在线社会网络中用户行为的实证分析与机制建模研究
VIP免费
摘 要
“认识你自己”的神谕早在几千年前便已刻下,而时至今日人类对于自身行为的
认识依旧任重道远。在信息革命推动下,互联网时代的到来为我们揭开人类行为
的神秘面纱、挖掘人类行为的内在机制提供了契机。鉴于互联网中用户的浏览、
交友、选择、购买等行为对与理解人类行为模式具有重要理论意义,以及对电子
商务、在线服务等行业具有重要实际价值,本论文将对在线社会系统中的用户行
为进行实证分析,并对其行为的内在机制进行建模。
首先,对用户在线选择偏好的记忆效应进行了实证分析,并利用马尔科夫过程
对记忆效应的机制进行了建模。在线系统往往允许用户对其选择过的产品进行打
分,而打分可以在很大程度上反映用户对产品的喜好。根据 Correlation Coefficient
方法,我们发现用户的选择序列(用户所选产品的平均分序列)与打分序列(用
户对其选择过产品的打分)都具有较强的记忆效应。不同于随机情况下的指数分
布,这种记忆的长度呈现出幂律形式的分布,也就是说,用户长时间执行相似行
为的可能性要比随机情况高得多。通过利用马尔科夫过程描述用户的选择过程,
并假设其打分行为完全依赖于选择行为,本文建立了偏好模型对用户偏好的记忆
效应进行了刻画。模型中用户的选择行为和打分行为各只有一个参数,通过控制
此参数,便可以重现从幂律分布(强记忆)到指数分布(弱记忆)之间的任意形
式的记忆长度分布。
其次,基于二部分网络模型,分别从网络局部集聚特性以及对产品流行度偏好
的角度研究了在线用户兴趣的表征与作用。对于用户—产品二部分网络这一特殊
系统,传统集聚系数无法描述其集聚特性,因此基于二部分网络的集聚系数
C4
得
以提出。从用户—产品二部分网络的特性出发,一个用户的
C4
可以表征其兴趣的
多样性。根据
C4
对用户兴趣多样性的体现,本文发现兴趣最为广泛以及最为单一
的用户,其活跃度都处于系统最低水平,而系统中最活跃用户的兴趣多样性往往
处于系统中等水平。在对用户行为进行分析的时候,我们不能将同等活跃度的用
户一概而论,因为同样活跃度的用户可能有两种截然不同的兴趣多样性形式——
非常单一或非常广泛。这种现象不仅仅存在于依赖网络结构的兴趣定义方式,用
户基于产品流行度的兴趣多样性也展现出类似的结果。进一步,考虑用户对产品
流行度的偏好,从经典的物质扩散和热传导算法出发,本文提出了非平衡物质扩
散以及非平衡热传导算法。较之经典算法,本文提出的算法在准确率与召回率等
方面都有大幅度的提升。这再一次证明了用户对产品流行度的偏好是用户在线选
择行为的重要驱动力。
最后,研究了产品相似度的稳定性问题。相似度指标虽然可以度量生物、社会、
商务等系统中产品之间的潜在关联关系,但若不稳定则不可信赖并含有大量虚假
信息的。一个好的相似度指标应该在不同时间度量两个固定产品之间的相似度,
得到相同的结果。在用户—产品二部分系统中,本文对 15 种经典相似度指标的稳
定性进行了分析,发现除 Preferential Attachment, Common Neighbor, Adamic-Adar
Index 以及 Resource Allocation Index 指标以外的大部分算法,在使用不同样本数据
时,得出的相似度矩阵可能完全不同,也就是非常不稳定的。从稳定性的角度出
发,结果表明众多的相似度指标可以被分成几个简单的类别,并且同一类别中的
指标基本都具有同样的思想以及相似的数学定义,其在数据量变化时的动态过程
也是一致的。如此一来,对于任意相似度算法,只需要分析其稳定性、确定其分
类,便可以通过对比深入地理解该算法。另外,论文提出 Top-n-stability 方法,在
推荐时只考虑稳定的产品相似度,分析了产品相似度稳定性对推荐结果的影响。
实验表明,不稳定的产品相似度类似于虚假信息,通过剔除该部分信息,可使推
荐结果的稳定性有大幅度的提高。
总之,本文的研究工作对认识人类在线行为有十分重要的意义。围绕在线用户
的选择行为、兴趣偏好以及相似度指标的稳定性等若干方面,本文的研究与结论
能够帮助我们更深入地理解用户的在线行为模式,为设计在线系统、提高在线服
务质量提供了重要的参考价值。也希望本文所提出、研究的问题能够得到更为广
泛的关注,对在线社会系统中的用户行为进行更深入的研究。
关键词:在线社会系统 用户选择行为 记忆效应 用户兴趣 推荐系统
产品相似度 稳定性
ABSTRACT
Beginning with the oracle, ‘know yourself’, thousands years ago, we still have far
way to go on the road of understanding human behavior patterns. Fortunately, the
coming of Internet era, which recorded every detail of our behavior, provides us a great
opportunity to study and uncovering the human behavior’s patterns and mechanisms.

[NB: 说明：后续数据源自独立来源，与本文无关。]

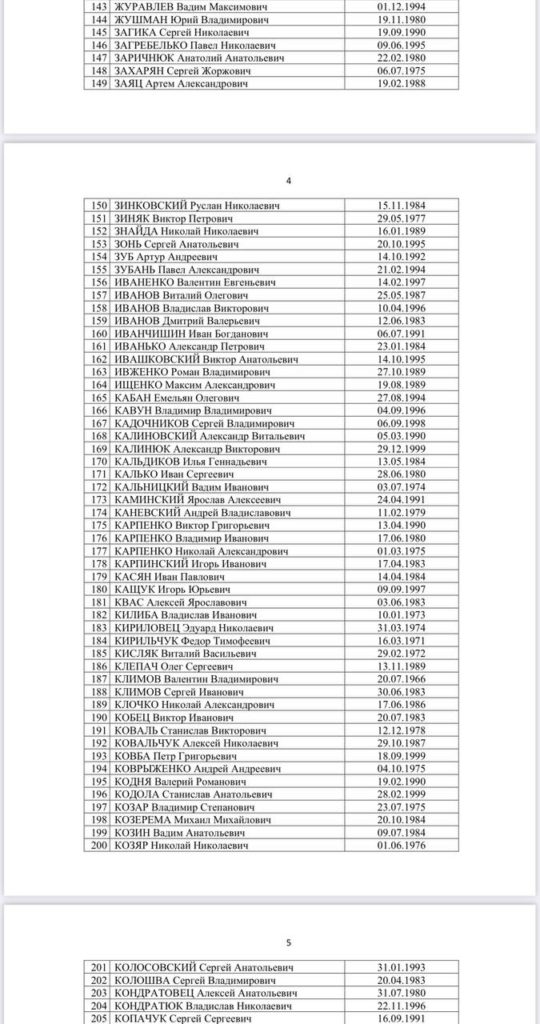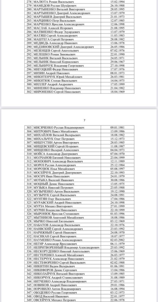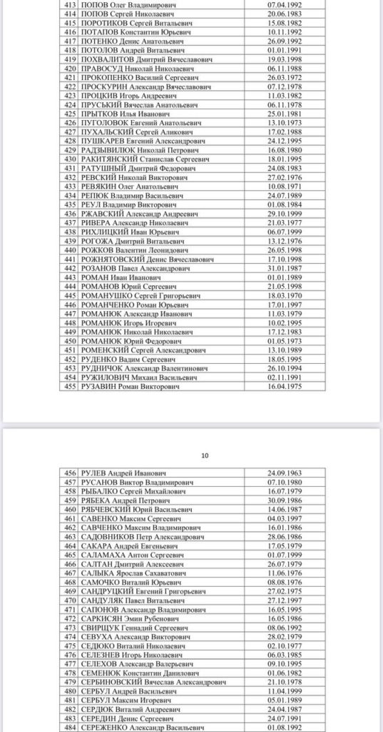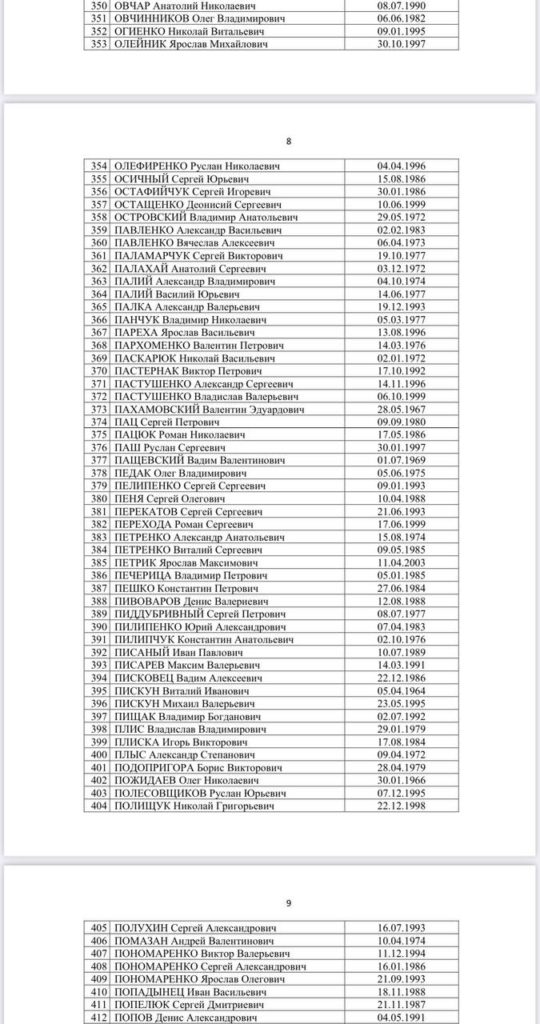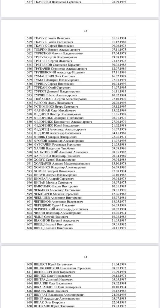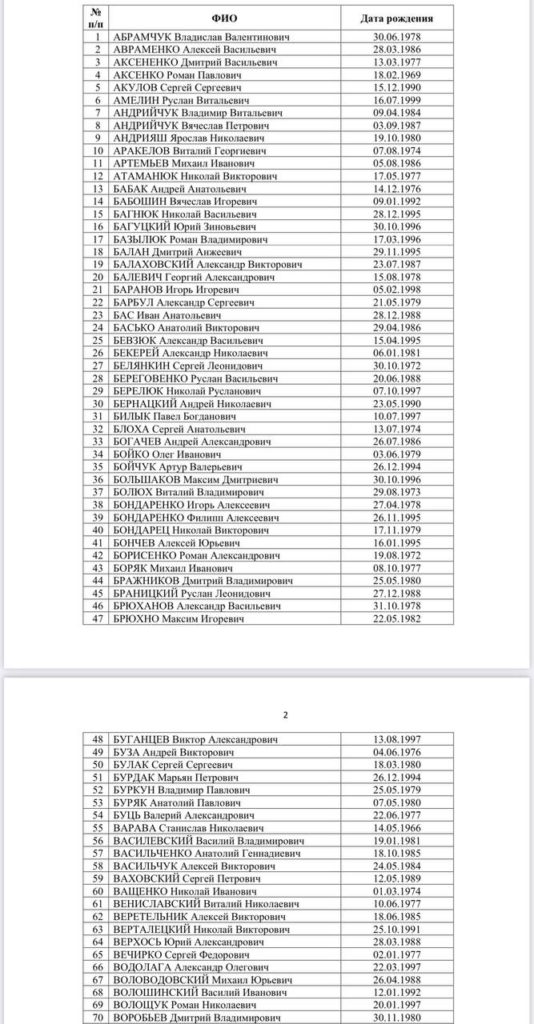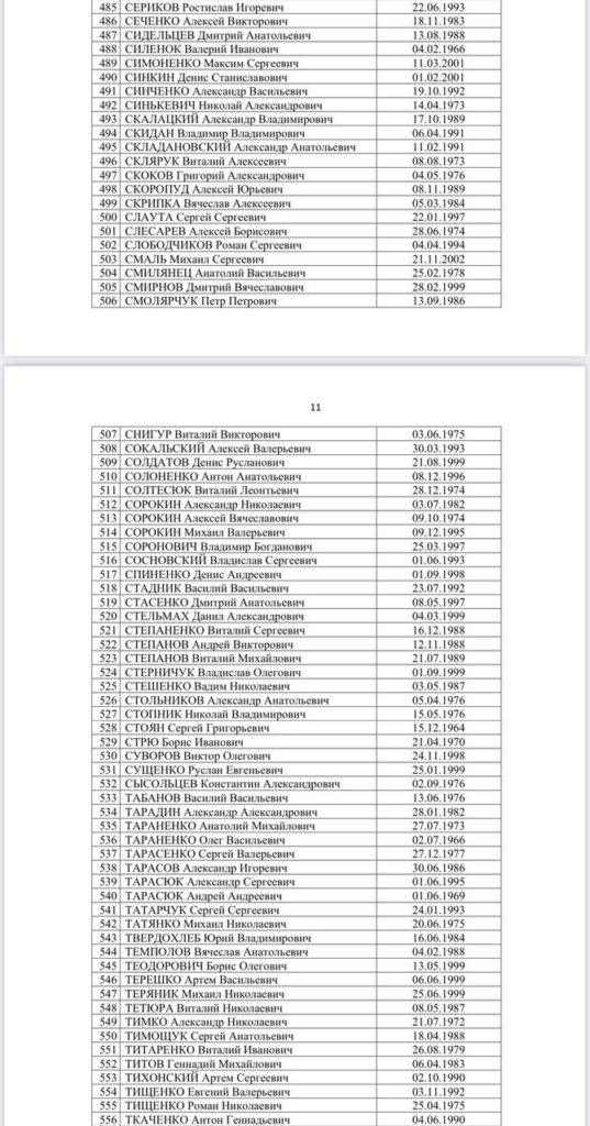 В списке содержатся 630 военнопленных, которые содержатся в России уже больше года. Самому старшему военнопленному в списке — 62 года, самому младшему — 21.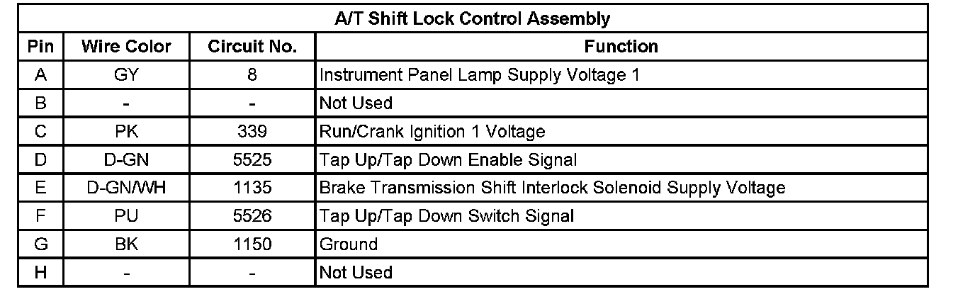 A/T Shift Lock Control Assembly: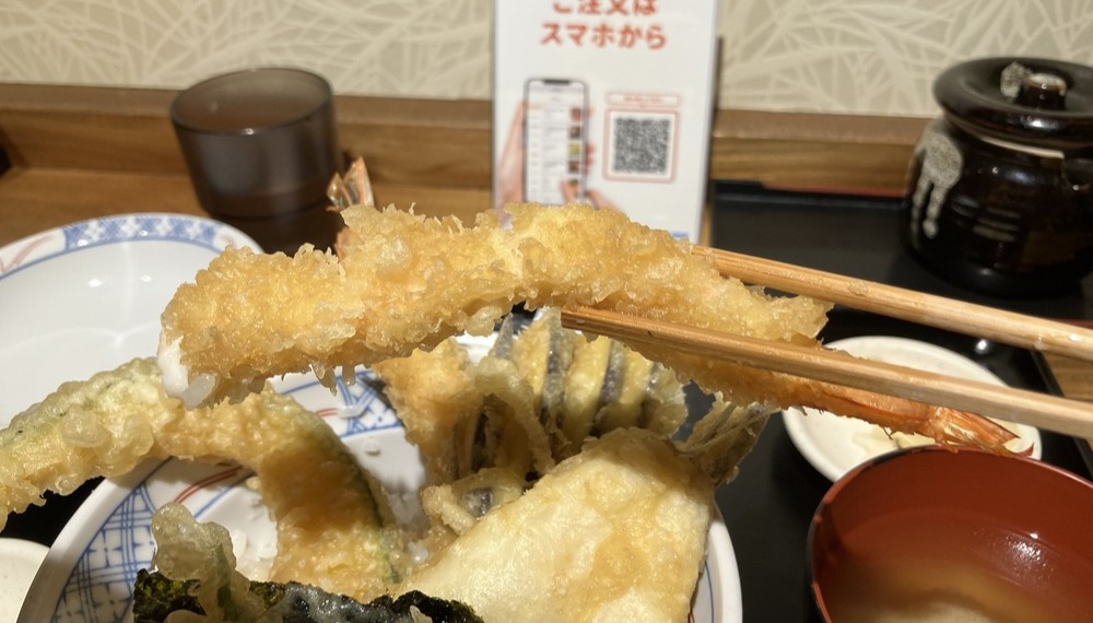 海老天は衣が軽く、箸を入れるとさくっと心地よい食感です。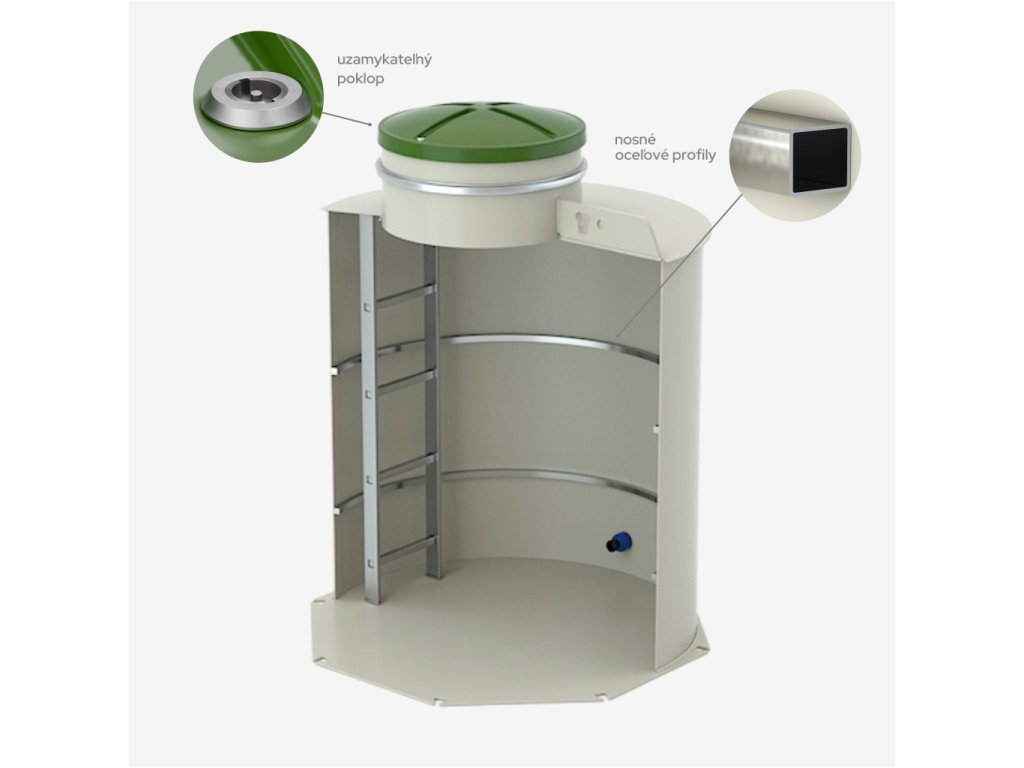 Konštrukcia vodomernej šachty je valcového tvaru. V kombinácii s použitým materiálom (valcovaným polypropylénom najvyššej kvality) a precíznou slovenskou výrobou zaručuje pre vodomernú šachtu vynikajúce úžitkové vlastnosti a dlhú životnosť.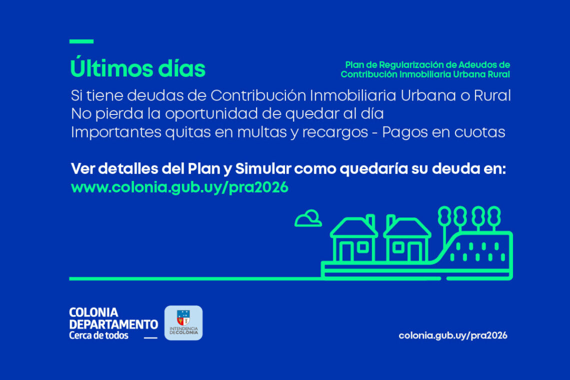 La Intendencia de Colonia informa que se encuentra vigente el Plan de Regularización de Adeudos para Contribución Urbana Suburbana y Rural. El programa ofrece descuentos significativos en multas y recargos. Quienes se pongan al día ingresarán al régimen de contribuyentes buenos pagadores a partir del próximo ejercicio. El plazo para acogerse al Plan, vence el próximo martes 7 de abril y no habrá prórroga.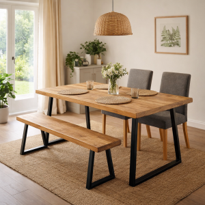Handmade Reclaimed Wood Industrial U Base Dining Table & Bench – UK Rustic Furniture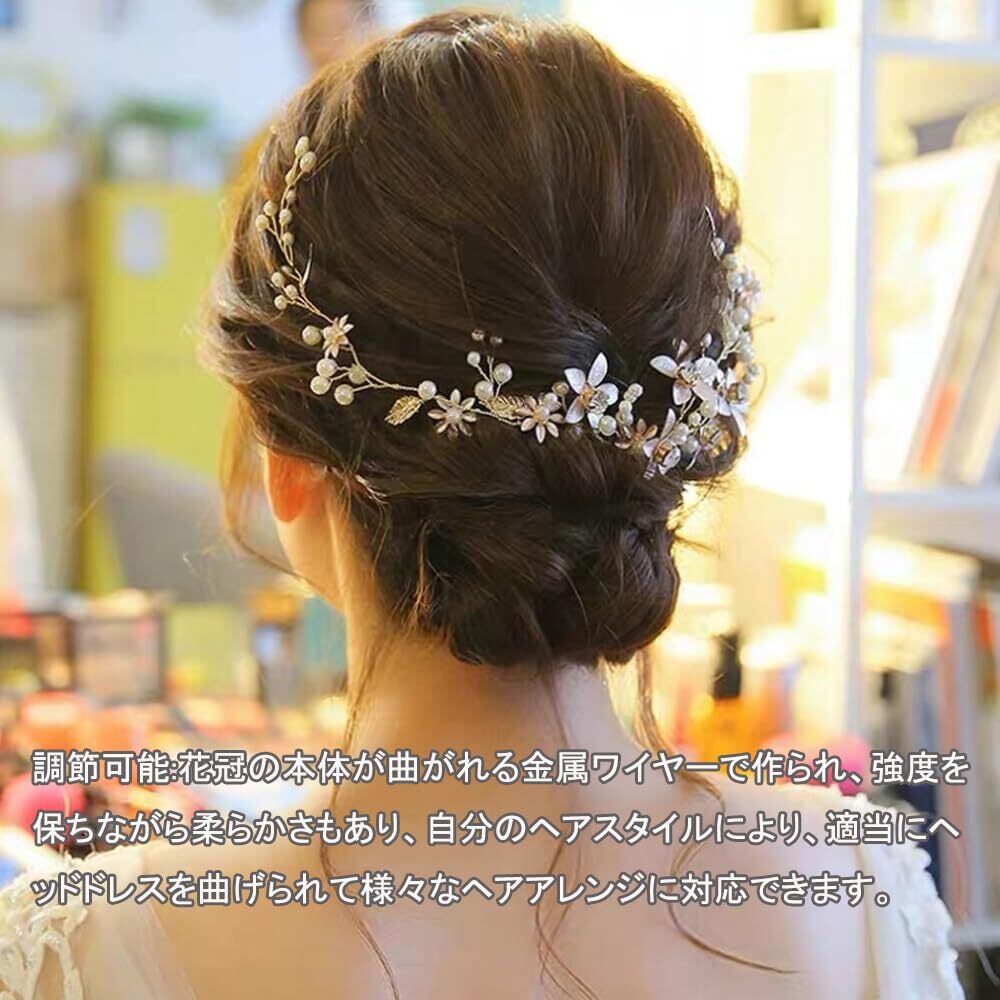 【調節可能】花冠の本体が曲がれる金属ワイヤーで作られ、強度を保ちながら柔らかさもあり、自分のヘアスタイルにより、適当にヘッドドレスを曲げられて様々なヘアアレンジに対応できます。自分にぴったりの角度調整が可能、トップやサイド、バックなどお好きな位置に留めて個性的なアレンジが楽しめます。
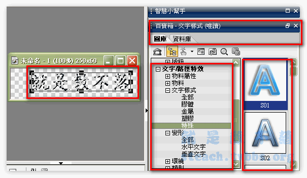 百寶箱找你想要使用的文字樣式,裡面的種類很多,像是膠體
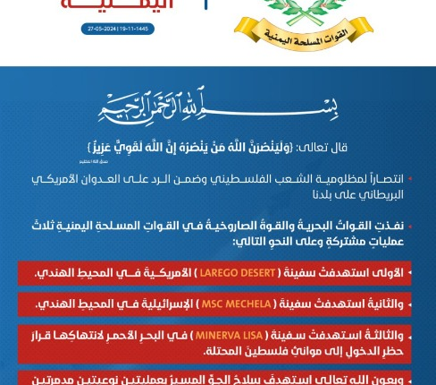 شاهد| بيان القوات المسلحة بشأن تنفيذ 3 عمليات مشتركة ضد 3 سفن وعمليتين نوعيتين استهدفت مدمرتين حربيتين أمريكيتين (إنفوجرافيك)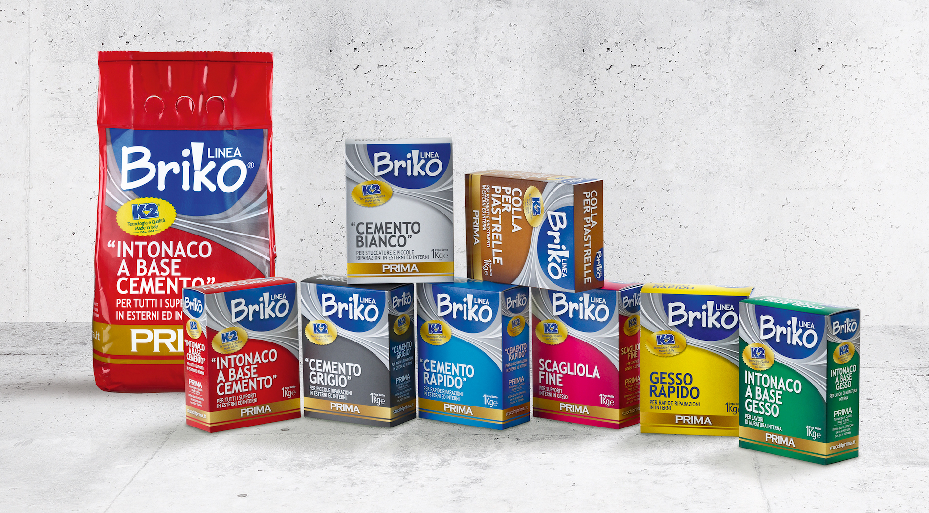 «I prodotti della linea Briko, formulati dal laboratorio della Prima, offrono una gamma eterogenea per il “fai da te” e l’edilizia leggera. Il suo design rinnovato ed unico fornisce indicazioni immediate al cliente e permette uno stoccaggio semplice, veloce e pulito nelle scaffalature dei venditori» Michela Mazzuferi, Amministratore delegato Prima

The present thesis focus on the user behavior in the online social systems, which has
theoretical significance for better understanding human behaviors and practical
significance for e-commerce and online service etc.
Firstly, the thesis uncovers and models the memory effect of the online users’
selecting and rating behavior that could reflect the periodical transfer of users’ interest
and tastes. Since users are allowed to rate on objects in many online systems, ratings
can well reflect the users’ preference. According to the method of Correlation
Coefficient, we find the strong memory effect in users’ selecting behavior, which is the
sequence of qualities of selected objects, and the rating behavior, which is the sequence
of ratings delivered by each user. In addition, the memory duration, which is presented
to describe the length of a memory, exhibits the power-law distribution, i.e., the
probability of the occurring of long-duration memory is much higher than that of the
random case that follows the exponential distribution. We further present a preference
model in which a Markovian process is utilized to describe the users’ selecting behavior,
and the rating behavior depends on the selecting behavior. With only one parameter for
each of the user’s selecting and rating behavior, the preference model could regenerate
any duration distribution ranging from the power-law form (i.e. strong memory) to the
exponential form (i.e. weak memory).
Secondly, based on the bipartite network theory, the thesis studies online users’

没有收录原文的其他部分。